In the overall cohort, 19% of patients experienced grade 1/2 AEs, and 19% experienced grade 3 or greater AEs. Of the grade 3 or higher AEs, 14% were in the pembrolizumab arm and 30% were in the nivolumab/ipilimumab arm. Three patients discontinued treatment due to toxicity.

In this real-world setting, 64% of the 33 tumors analyzed achieved a major pathologic response, including 42% with a complete pathologic response. The pCR rate was notably higher in the combination arm (67%) compared to the monotherapy arm (33%).

In the current study, the pCR rate in the combination arm was 67%, which is consistent with previous studies, however, it was only 33% in the monotherapy arm. The investigators wrote that, “These discrepancies underline the importance of comparing results obtained in clinical trials with those obtained in real-world cohorts, and suggest that monotherapy may be less effective than combination therapy.” Further, grade 3 or greater toxicity was higher than in published studies suggesting the need for caution when interpreting efficacy and safety data from clinical trials conducted on selected patients.

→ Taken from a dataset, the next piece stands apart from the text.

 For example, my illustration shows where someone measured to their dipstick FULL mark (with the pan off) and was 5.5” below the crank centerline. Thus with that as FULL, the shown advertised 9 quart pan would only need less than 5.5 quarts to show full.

According to the investigators, this study provides the first real-world evidence on preoperative immune checkpoint inhibitors (ICIs) in patients with MSI/dMMR nonmetastatic colon cancer, offering valuable insights into prescribing practices and patient outcomes.

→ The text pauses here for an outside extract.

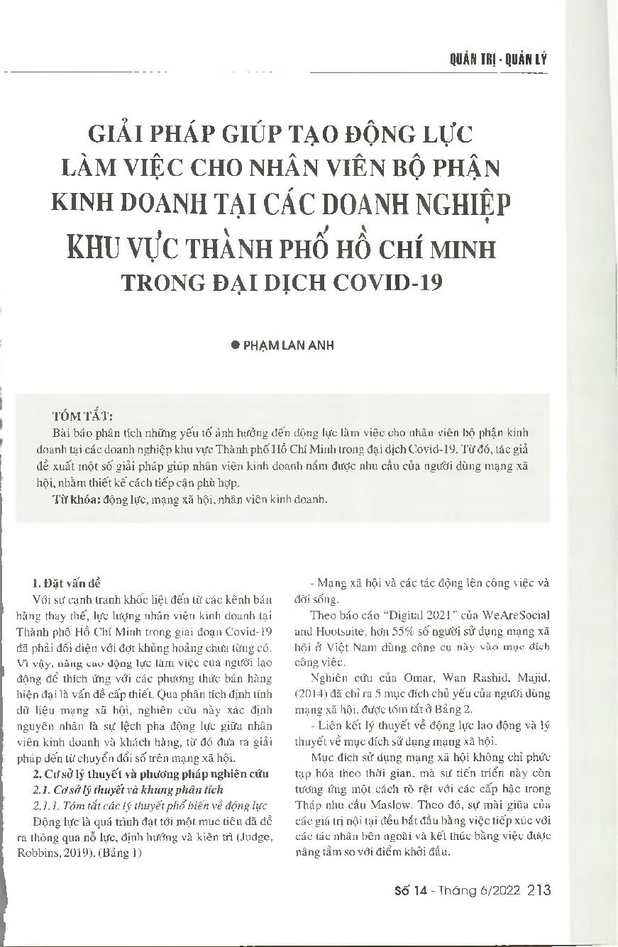 Giải pháp giúp tạo động lực làm việc cho nhân viên bộ phận kinh doanh tại các doanh nghiệp khu vực thành phố Hồ Chí Minh trong đại dịch Covid-19 = Solutions to motive sales workers of enterprises in Ho Chi Minh City during the COVID-19 pandemic

The investigators reported lower pathologic response rates and more severe toxicities compared with previously published trials, highlighting the need for caution when applying this treatment in less-selected patient populations. These discrepancies may be attributed to several limitations of the study, including its retrospective design, small sample size, the absence of a central review of baseline CT scans, and the lack of standardized neoadjuvant protocols.

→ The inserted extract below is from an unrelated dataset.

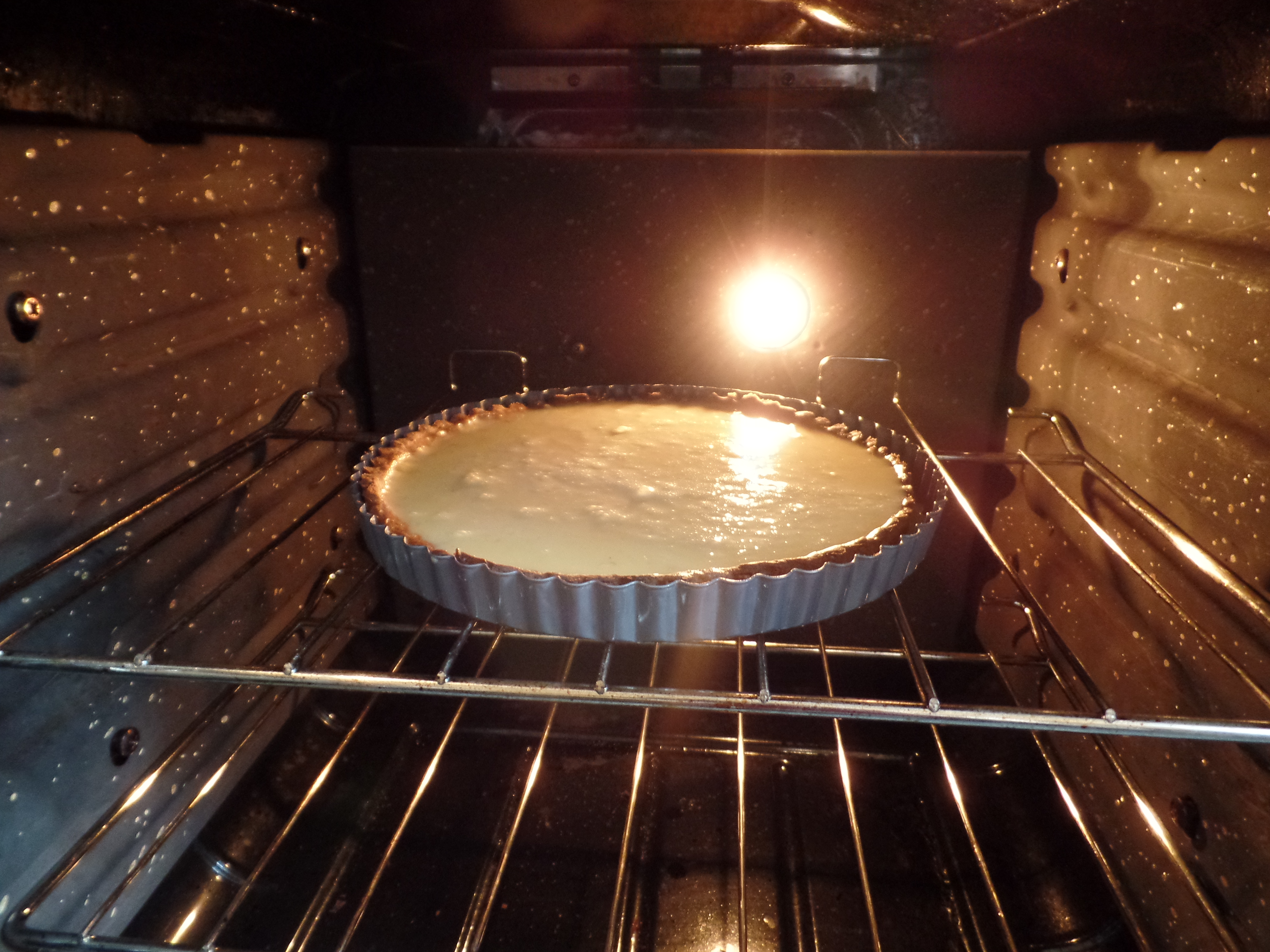 9. Bake the tart in the centre of the oven for 20-30 minutes, or until the edges of the filling have set and it is just slightly wobbly in the centre.

Nonetheless, the findings underscore the importance of developing more standardized patient selection criteria and preoperative treatment regimens to optimize the tolerability and efficacy of this emerging treatment.

REFERENCES:

1. Lemaire C, Boileve A, Manceau G, et al. Neoadjuvant immunotherapy for nonmetastatic dMMR/MSI colon cancer: a real-world retrospective AGEO study. ESMO Open. Published online July 31, 2025. doi:10.1016/j.esmoop.2025.105516

2. Chalabi M, Verschoor YL, Tan PB, et al. Neoadjuvant immunotherapy in locally advanced mismatch repair-deficient colon cancer. N Engl J Med. 2024;390(21):1949-1958.

3. Hu H, Kang L, Zhang J, et al. Neoadjuvant PD-1 blockade with toripalimab, with or without celecoxib, in mismatch repair-deficient or microsatellite instability-high, locally advanced, colorectal cancer (PICC): a single-centre, parallel-group, non-comparative, randomised, phase 2 trial. Lancet Gastroenterol Hepatol. 2022;7(1):38-48.